El tema es que el resto de sus compañeritos de escuela le decían “tu mamá es una superhéroe”, y un día me pide que lo vaya a buscar a la salida, con mi uniforme, porque sus compañeritos me querían conocer. Pedí autorización a mi superior para poder hacerlo, me la dieron y fui nomás. Cuando llegué, estuvimos desde las 17:00 hasta las 19:00 en el aula y todos los chiquitos me hicieron una pequeña entrevista. Todos sus amigos lo felicitaban por mí y él estaba superorgulloso.

La historia cierra con que toda esa semana fueron viniendo a casa diferentes compañeros para compartir juegos con él y conmigo. Por eso, compartir pequeñas cosas mi hijo, cosas de mi trabajo y mi profesión, me llena de felicidad.

Madre: "Si, tengo un hijo de siete años y es fanático de lo que hago", cuenta con emoción y orgullo cuando es consultada sobre como combina la maternidad con su profesión.
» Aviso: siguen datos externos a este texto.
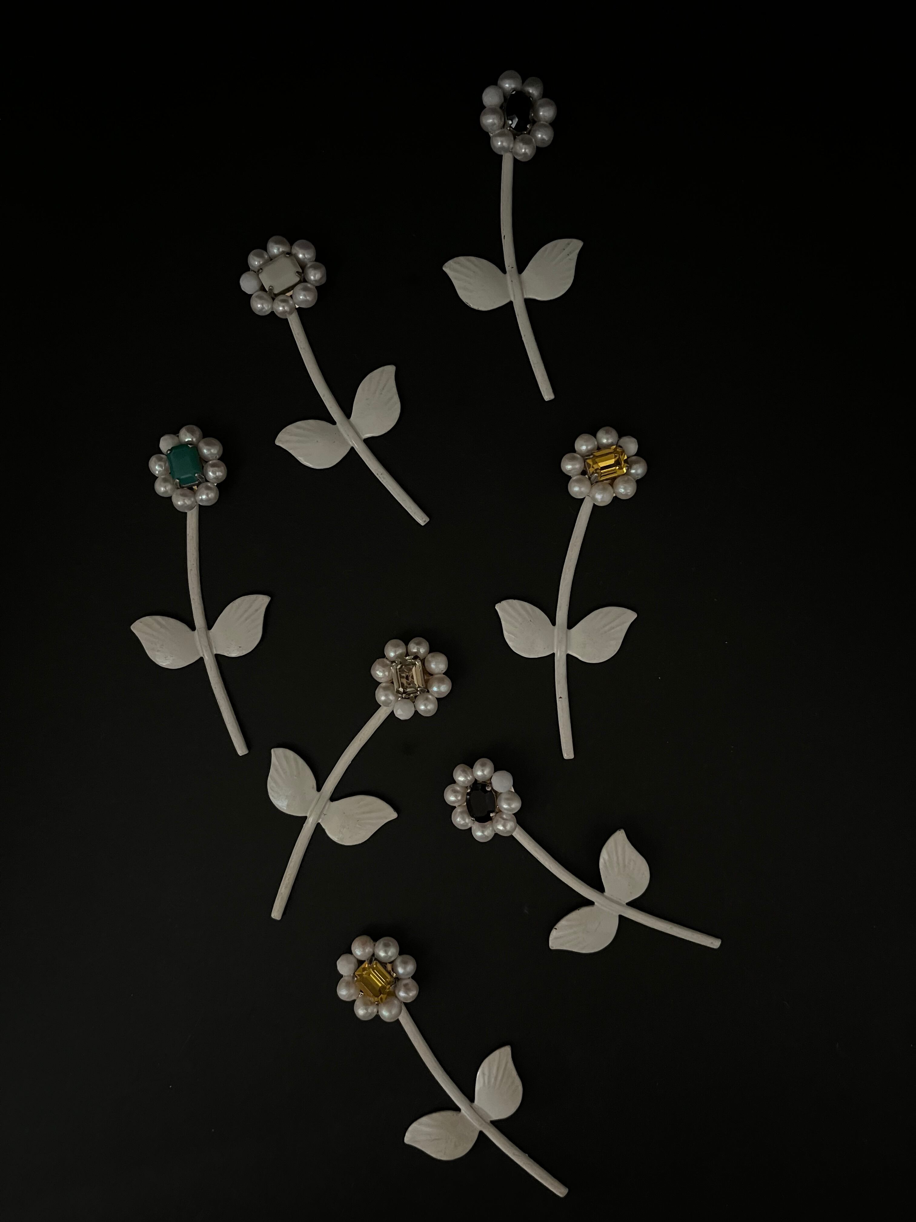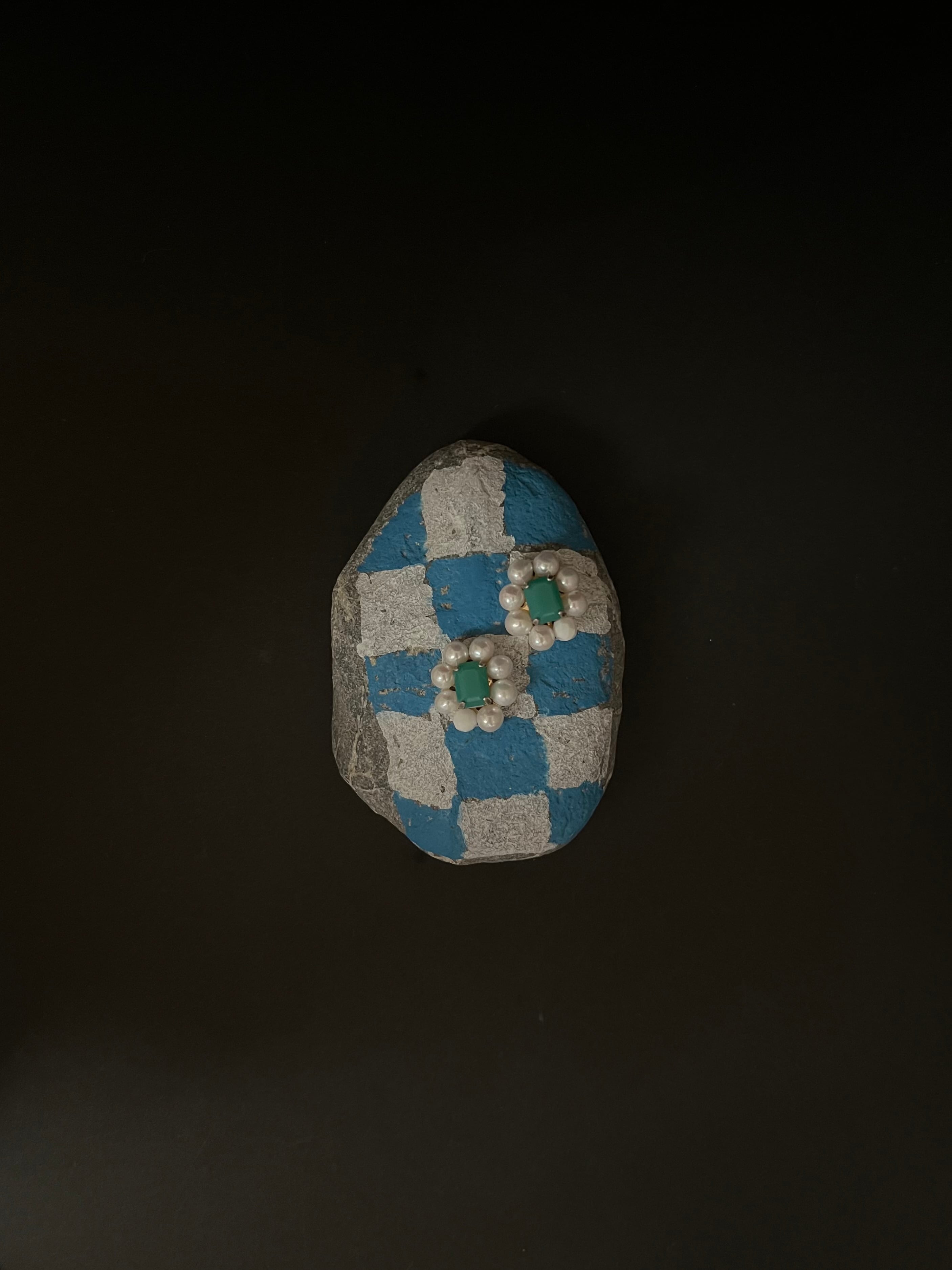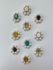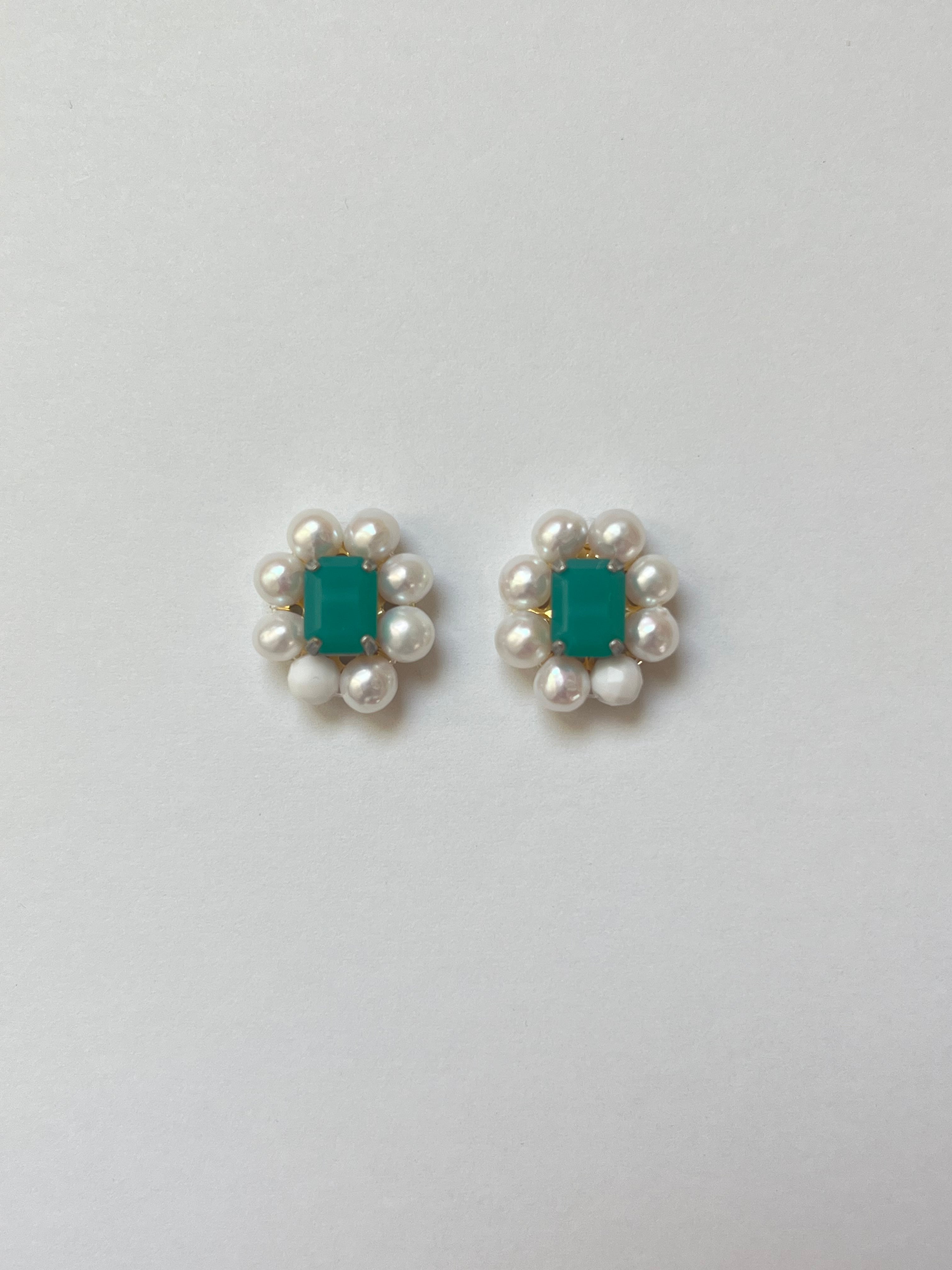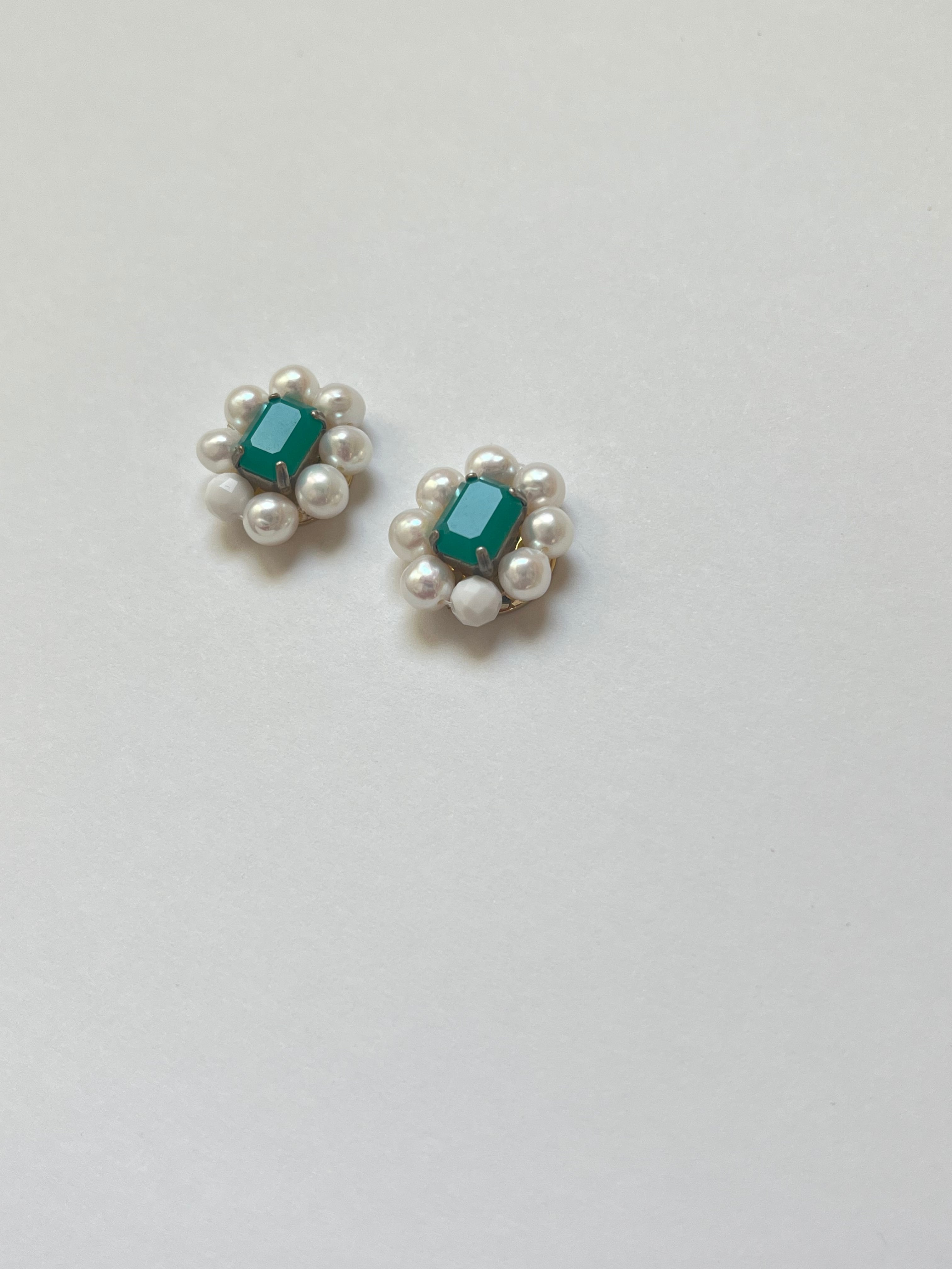 ヴィンテージのスワロフスキーのガラスストーンの周りに淡水パールを纏わせて、小さなお花のピアスを作りました。ワンポイントで細かいカットの入ったホワイトオニキスを一粒入れました。お花モチーフですが色と素材使いで大人の方でもさらっと着けていただける甘すぎない仕上がりになっています。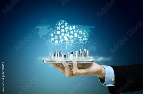 Poster : Internet cloud server application and hosting on virtual network conceptual image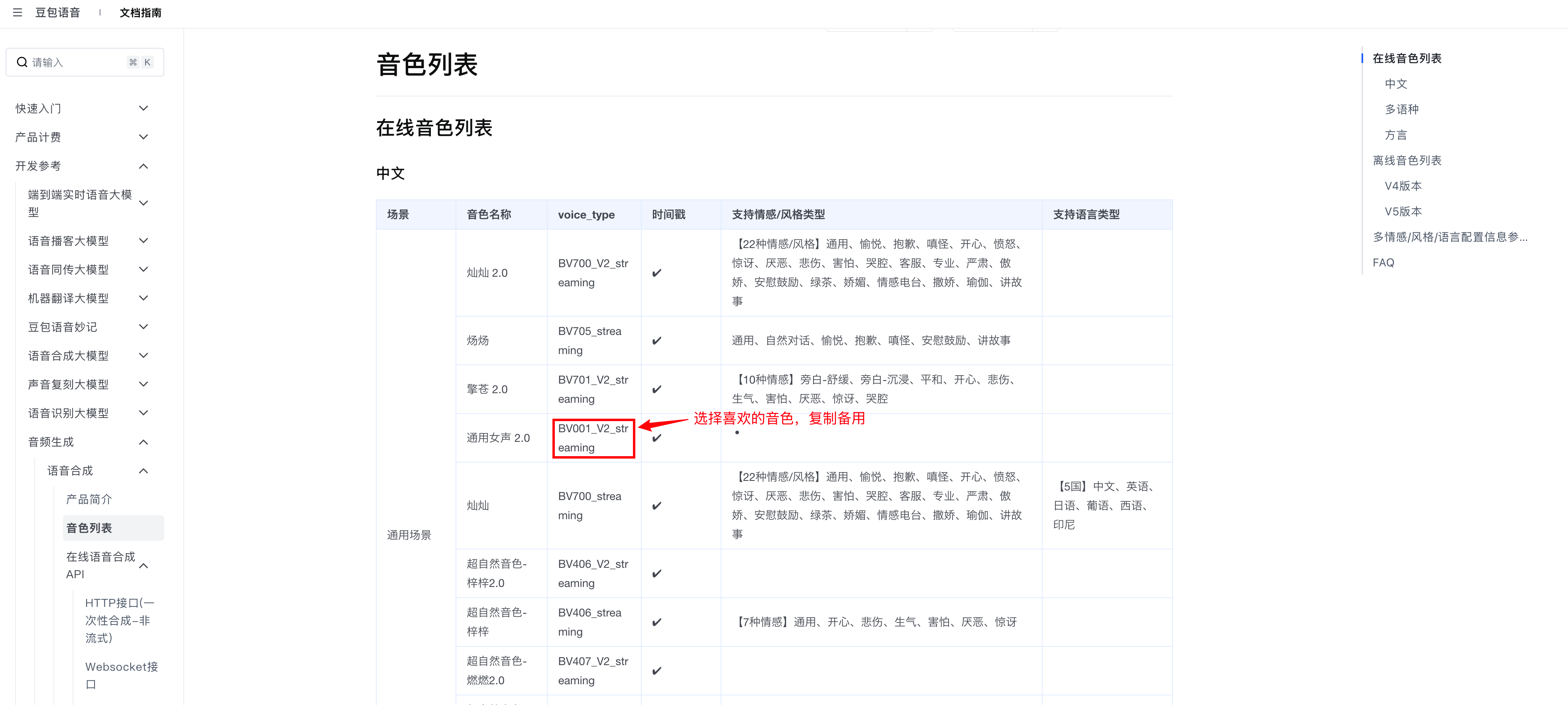 在音色列表中查找想要使用的音色,复制voice_type名称备用。

Foto: Fernando Calzada.Madre: “Si, tengo un hijo de siete años y es fanático de lo que hago”, cuenta con emoción y orgullo cuando es consultada sobre como combina la maternidad con su profesión. Foto: Fernando Calzada.

-¿Qué te pasa cuando él dice todas esas cosas de vos?

-Se me infla el pecho. Me emociona mucho.

-¿Sentís que vos, junto a las mujeres que entraron con vos a la escuela, sirvieron de inspiración para que cada vez más chicas quieran hacer lo mismo que ustedes?

-Creo que cada una de las que ingresamos cuando arrancamos en esto pusimos nuestro granito de arena. Por ejemplo, yo soy de Córdoba y allá no conocen mucho el trabajo de la Armada. Eso mismo pasó con el resto de mi promoción y camaradas mujeres que, al volver a sus hogares en los diferentes puntos del país, hicieron visible y generaron interés por nuestra labor. También colaboramos desde nuestro comportamiento por fuera de la institución, para intentar marcar un camino y una forma de proceder. Creo que también hay cosas que están cambiando a nivel social para que todos entiendan que las mujeres podemos desempeñarnos en diferentes ámbitos, y que no hay trabajos solo para hombres.

-¿No existen tratos diferenciales por ser mujer?

-Siempre pedí que me trataran igual que al resto y, la verdad, siento que hoy en día, hay muchos aspectos en los que superamos a los hombres en los trabajos, dentro y fuera de la institución. Tal vez sea por eso que algunos hombres se sientan frustrados.

-¿Qué es lo que más te gusta de tu trabajo?

-Lo que más me gusta es que todo el tiempo hacemos cosas diferentes y no hay ninguna rutina.

-¿Qué significa para vos subirte a la lancha?

-Esta es mi última navegación en este destino, es mi última vez arriba de una de ellas. Dentro de dos semanas, me voy a otro lugar. Para mí, es un orgullo y mi sueño es que alguna vez las cuatro lanchas sean tripuladas por mujeres; ese día será como tocar el cielo con las manos.